# BRIEF
Exact copy, no pictures: return only the lines below from the line with "Набор стаканов одноразовых 12 шт, 200 мл." up to and including the line with "B02 Energize giống".

# THE DATA
BEGIN
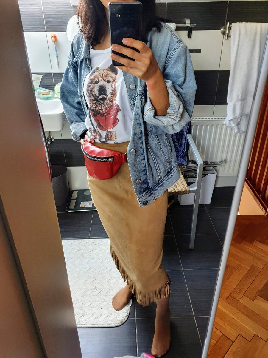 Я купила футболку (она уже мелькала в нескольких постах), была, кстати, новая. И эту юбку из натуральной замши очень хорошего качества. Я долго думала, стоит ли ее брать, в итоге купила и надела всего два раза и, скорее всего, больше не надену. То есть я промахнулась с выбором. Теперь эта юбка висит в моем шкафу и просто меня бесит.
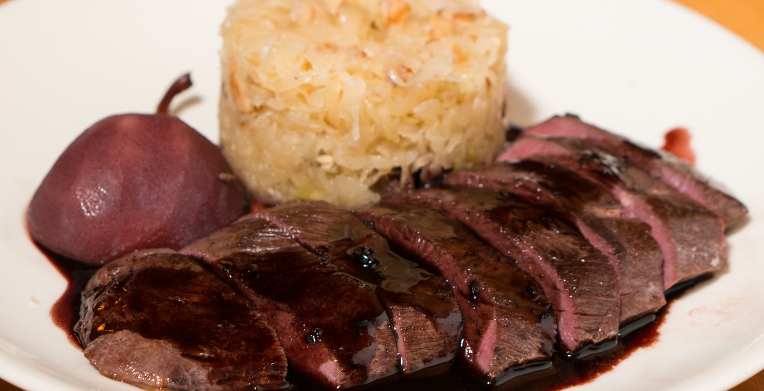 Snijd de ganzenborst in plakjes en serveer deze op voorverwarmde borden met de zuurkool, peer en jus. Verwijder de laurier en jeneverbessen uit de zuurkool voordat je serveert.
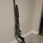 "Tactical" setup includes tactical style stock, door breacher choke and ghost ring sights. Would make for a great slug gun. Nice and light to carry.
END
BEGIN
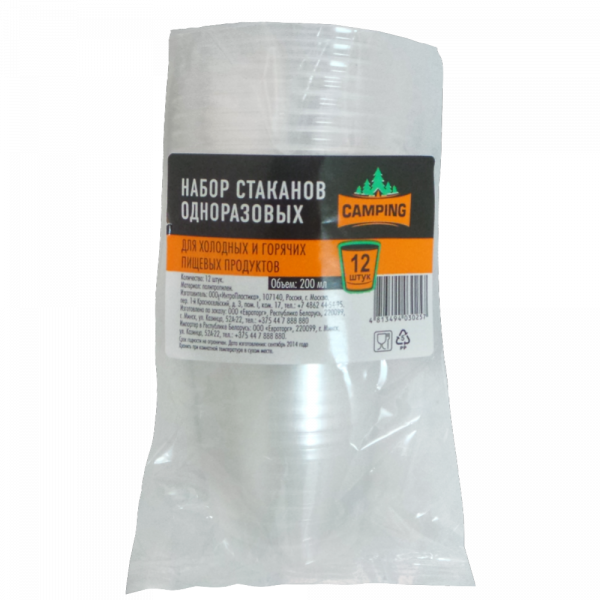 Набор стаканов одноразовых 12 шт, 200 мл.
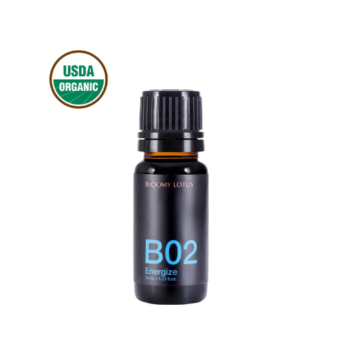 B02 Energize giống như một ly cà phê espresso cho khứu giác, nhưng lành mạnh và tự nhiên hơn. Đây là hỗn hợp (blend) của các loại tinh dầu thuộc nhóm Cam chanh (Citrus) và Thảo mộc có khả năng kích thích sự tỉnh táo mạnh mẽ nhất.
END
# TASK RESULT
 Набор стаканов одноразовых 12 шт, 200 мл.
 B02 Energize giống như một ly cà phê espresso cho khứu giác, nhưng lành mạnh và tự nhiên hơn. Đây là hỗn hợp (blend) của các loại tinh dầu thuộc nhóm Cam chanh (Citrus) và Thảo mộc có khả năng kích thích sự tỉnh táo mạnh mẽ nhất.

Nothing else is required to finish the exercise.